▶ [EXERCISE DATA]
· · · ·
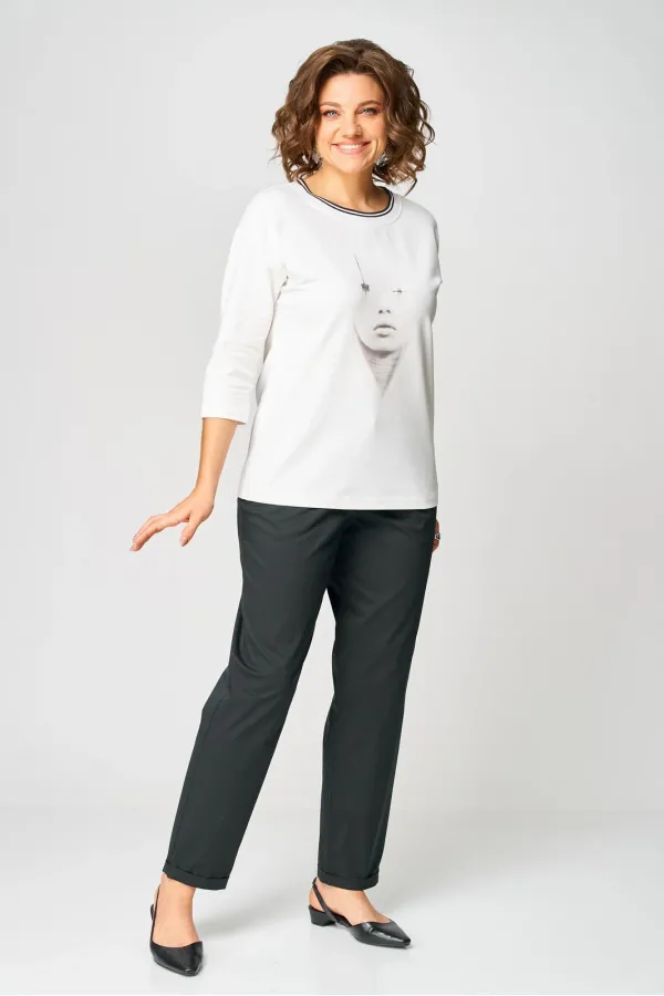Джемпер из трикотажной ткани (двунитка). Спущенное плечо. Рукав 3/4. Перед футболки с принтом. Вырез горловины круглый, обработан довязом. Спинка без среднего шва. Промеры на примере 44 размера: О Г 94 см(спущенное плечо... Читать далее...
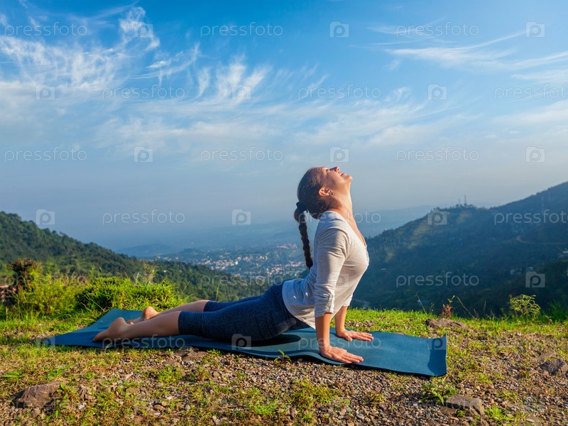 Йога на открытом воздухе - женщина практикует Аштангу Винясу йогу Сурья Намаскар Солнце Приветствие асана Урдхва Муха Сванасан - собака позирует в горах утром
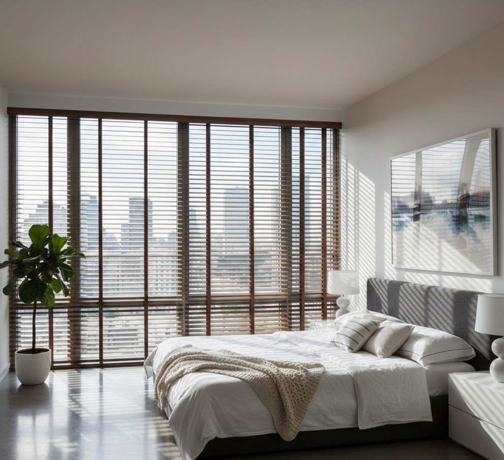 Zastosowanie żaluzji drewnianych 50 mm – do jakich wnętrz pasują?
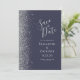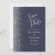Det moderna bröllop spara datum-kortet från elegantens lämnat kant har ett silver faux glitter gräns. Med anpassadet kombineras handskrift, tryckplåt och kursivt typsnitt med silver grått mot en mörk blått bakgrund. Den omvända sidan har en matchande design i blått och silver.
· · · ·
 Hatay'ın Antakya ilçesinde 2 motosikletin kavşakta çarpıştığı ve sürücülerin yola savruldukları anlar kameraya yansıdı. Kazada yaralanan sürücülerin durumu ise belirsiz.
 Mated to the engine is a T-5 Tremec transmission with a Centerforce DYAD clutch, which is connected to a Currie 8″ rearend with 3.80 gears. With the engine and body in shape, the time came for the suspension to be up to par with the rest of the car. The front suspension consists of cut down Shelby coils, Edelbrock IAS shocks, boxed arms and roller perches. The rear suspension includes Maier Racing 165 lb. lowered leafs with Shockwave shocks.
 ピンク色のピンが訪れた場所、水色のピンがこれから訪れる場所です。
· · · ·
▶ [PROBLEM TO SOLVE]
Using the records above, print exactly the lines between the ones containing "Йога на открытом" and "Det moderna bröllop", inclusive, and nothing else; no pictures.

▶ [THE ANSWER]
 Йога на открытом воздухе - женщина практикует Аштангу Винясу йогу Сурья Намаскар Солнце Приветствие асана Урдхва Муха Сванасан - собака позирует в горах утром
 Zastosowanie żaluzji drewnianych 50 mm – do jakich wnętrz pasują?
Det moderna bröllop spara datum-kortet från elegantens lämnat kant har ett silver faux glitter gräns. Med anpassadet kombineras handskrift, tryckplåt och kursivt typsnitt med silver grått mot en mörk blått bakgrund. Den omvända sidan har en matchande design i blått och silver.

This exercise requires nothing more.